• **Work instructions**: What is wanted is the full listing, word for word, without its pictures.

• **Provided material**:
◇ ◇ ◇ ◇ ◇ ◇ ◇

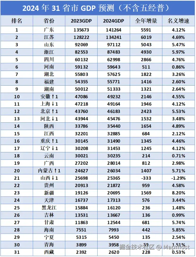 该图通过静态图标直观展示了2024年全国各省GDP预测排名情况,并将31个省份划分为三个梯队,每个梯队采用不同的图标进行区分。
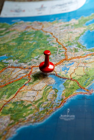 High-quality photo of a map with colorful pins marking must-visit destinations and route planning
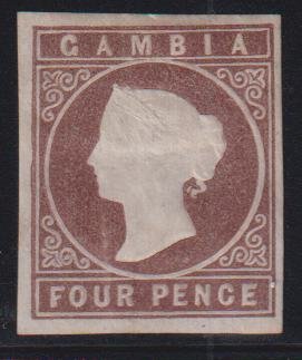 British Area A- M – Gambia #3 Hinged Mint VF great appearance – small flts trivial thinning emb reinforce Cat Value: $400
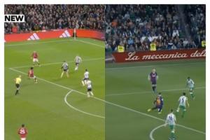 比賽第28分鐘,就在多爾古破門后不到5分鐘,曼聯(lián)尋得一次反擊機會,多爾古在大禁區(qū)左側(cè)直接起腳吊射遠門柱,但被門將沒收。這球的位置與梅西當年對陣貝蒂斯的吊射極為相似。

◇ ◇ ◇ ◇ ◇ ◇ ◇

• **Task result**:
 该图通过静态图标直观展示了2024年全国各省GDP预测排名情况,并将31个省份划分为三个梯队,每个梯队采用不同的图标进行区分。
 High-quality photo of a map with colorful pins marking must-visit destinations and route planning
 British Area A- M – Gambia #3 Hinged Mint VF great appearance – small flts trivial thinning emb reinforce Cat Value: $400
 比賽第28分鐘,就在多爾古破門后不到5分鐘,曼聯(lián)尋得一次反擊機會,多爾古在大禁區(qū)左側(cè)直接起腳吊射遠門柱,但被門將沒收。這球的位置與梅西當年對陣貝蒂斯的吊射極為相似。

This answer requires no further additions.